Contrary to assumptions made in prior modelling , these donors are not fully convective over much of the AM CVn phase and do not evolve adiabatically under mass loss indefinitely .
Instead , we identify three distinct phases of evolution : a mass transfer turn-on phase ( during which P _ { \mathrm { orb } } continues to decrease even after contact , the donor contracts , and the mass transfer rate accelerates to its maximum ) , a phase in which the donor expands adiabatically in response to mass loss , and a cooling phase beginning at P _ { \mathrm { orb } } \approx 45–55 minutes during which the donor contracts .

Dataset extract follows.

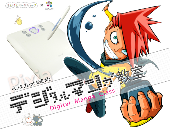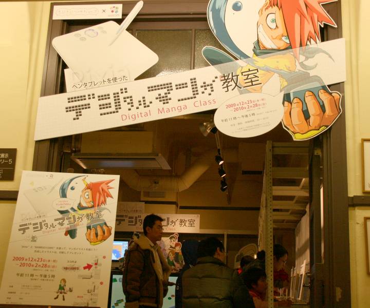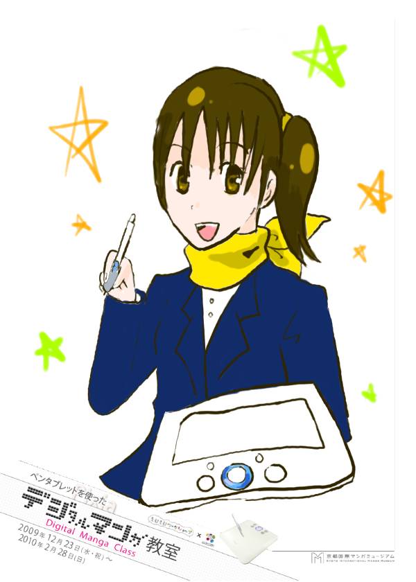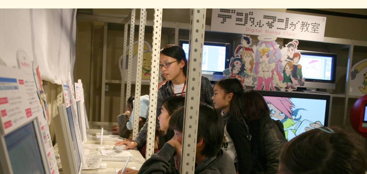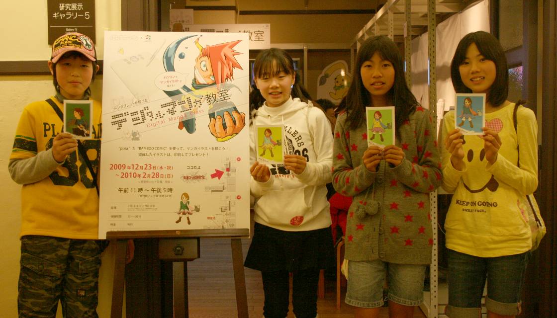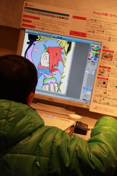 近年インターネットなどコンピュータの普及によりマンガ業界もデジタル化が進み、多くのマンガ家が作画を従来のペンやインクだけに頼らず、パソコンでの作業を取り入れている。本企画はマンガ制作におけるデジタル作画の魅力や楽しさを体感する事を目的とした。作画ソフトはフリーダウンロードソフト「Pixia(ピクシア)」を使用、作画ツールは株式会社wacomのペンタブレット「BAMBOO TM COMIC」を使用した。ペンタブレットとは、パソコン操作をする上でマウスのかわりに、ペンとタブレット(ボード)を使用し、まるでパソコン画面に直接ペンで作画しているような豊かな表現力を楽しむ事ができるキットのことである。マウスに比べ細やかな操作が可能で、線画や着彩などの作業に適している。体験では、16種類のイラスト(線画)と白紙から1つ選択し、自由に作画を楽しむことができる。完成作品はA6用紙にプリントアウトし、記念品としてプレゼントした。マンガ創作においてデジタルツールを用いることへの興味や関心は非常に高く、「デジタル作画」を体験してもらう良い機会となった。

The physics that determines the behaviour in the first and third phases , both of which are new outcomes of this study , are discussed in some detail .

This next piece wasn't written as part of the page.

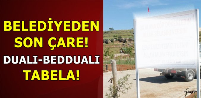 Üzerinde "Bu alana çöp dökenlerin Allah belasını versin" yazının hemen altına da "Çevremizi temiz tutanı Allah muvaffak etsin" yazılarının yazıldığı tabelalar mesire alanının çeşitli yerlerine yerleştirildi.

We find the overall duration of the turn-on phase to be between \sim 10 ^ { 4 } - 10 ^ { 6 } yrs , significantly longer than prior estimates .
We predict the donor ’ s luminosity , L , and effective temperature , T _ { \mathrm { eff } } .
During the adiabatic expansion phase ( ignoring irradiation effects ) , L \approx 10 ^ { -6 } – 10 ^ { -4 } { L } _ { \odot } and T _ { \mathrm { eff } } \approx 1000 – 1800 K. However , the flux generated in the accretion flow dominates the donor ’ s intrinsic light at all times .
The impact of irradiation on the donor extends the phase of adiabatic expansion to longer P _ { \mathrm { orb } } , slows the contraction during the cooling phase , and alters the donor ’ s observational characteristics .
Irradiated donors during the adiabatic phase can attain surface luminosities up to \approx 10 ^ { -2 } { L } _ { \odot } .
We argue that the turn-on and cooling phases both will leave significant imprints on the AM CVn population ’ s P _ { \mathrm { orb } } -distribution .
Finally , we show that the eclipsing AM CVn system SDSS J0926+3624 provides evidence that WD-channel systems with non-zero entropy donors contribute to the AM CVn population , and we discuss the observational signature of the donor in this system .